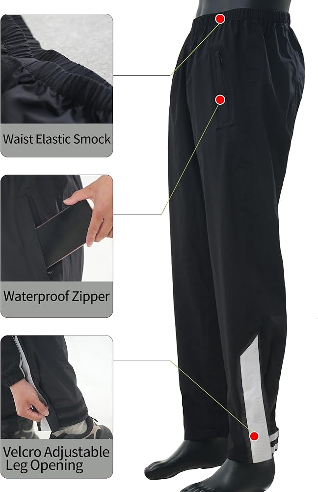 Rain Pant: VIKAMAKA hiking rain pant is fully elasticated waistband helps you customize your fit around waist. The loose leg opening can be closure by velcro to fit loosely over any boots, also to prevent rain from entering your legs. And leg opening with reflective stripes, it keeps you high visibility during outdoor activities. 2 waterproof zipper pockets provides extra storage space
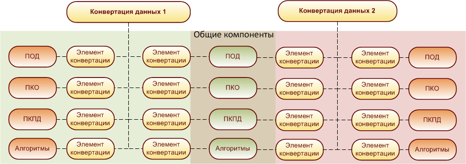 Процесс разработки конвертации в КД3.0 осуществляется по принципу компоновки элементов конвертации. Для упрощения параллельной разработки нескольких обменов данными в КД3.0 предусмотрена возможность использования общих элементов конвертации: ПОД, ПКО, ПКПД, алгоритмов (см. рисунок):
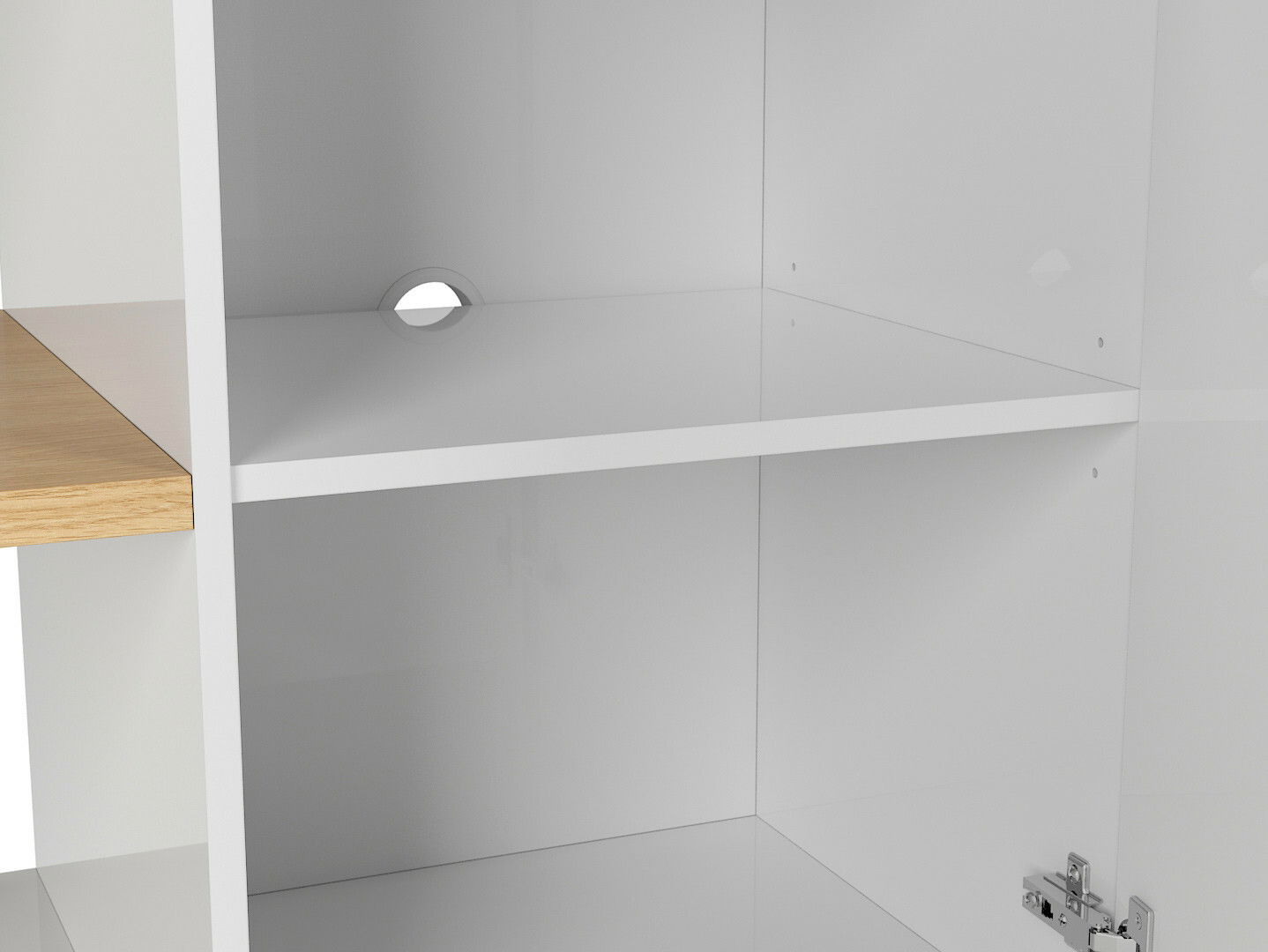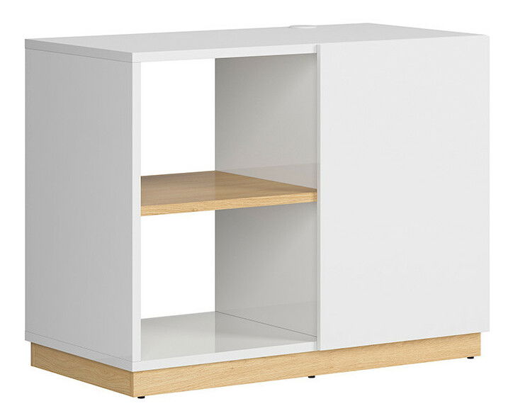 Skrinka Denton REG1D/100/75 s výškou 78,5 cm a hĺbkou 51,5 cm je vyrobená z kvalitnej drevotriesky s povrchom pokrytým tvrdou fóliou, ktorá zvyšuje jej odolnosť voči vonkajšiemu poškodeniu. Jej moderný dizajn v dubovom a lesklom biele farbení okrem estetického pôsobenia ponúka aj praktické úložné riešenia. V ľavej časti sa nachádza polička a dva otvorené úložné priestory, v pravej časti je skrinka s jednou policou vo vnútri s maximálnou nosnosťou do 5 kg. Táto skrinka bude výborne slúžiť v obývačke, spálni alebo pracovni a bude skvelým doplnkom akéhokoľvek interiéru.

*Aim of the exercise*: Would you restate the listing word for word and leave every picture out?

*Expected answer*:
 Rain Pant: VIKAMAKA hiking rain pant is fully elasticated waistband helps you customize your fit around waist. The loose leg opening can be closure by velcro to fit loosely over any boots, also to prevent rain from entering your legs. And leg opening with reflective stripes, it keeps you high visibility during outdoor activities. 2 waterproof zipper pockets provides extra storage space
 Процесс разработки конвертации в КД3.0 осуществляется по принципу компоновки элементов конвертации. Для упрощения параллельной разработки нескольких обменов данными в КД3.0 предусмотрена возможность использования общих элементов конвертации: ПОД, ПКО, ПКПД, алгоритмов (см. рисунок):
 Skrinka Denton REG1D/100/75 s výškou 78,5 cm a hĺbkou 51,5 cm je vyrobená z kvalitnej drevotriesky s povrchom pokrytým tvrdou fóliou, ktorá zvyšuje jej odolnosť voči vonkajšiemu poškodeniu. Jej moderný dizajn v dubovom a lesklom biele farbení okrem estetického pôsobenia ponúka aj praktické úložné riešenia. V ľavej časti sa nachádza polička a dva otvorené úložné priestory, v pravej časti je skrinka s jednou policou vo vnútri s maximálnou nosnosťou do 5 kg. Táto skrinka bude výborne slúžiť v obývačke, spálni alebo pracovni a bude skvelým doplnkom akéhokoľvek interiéru.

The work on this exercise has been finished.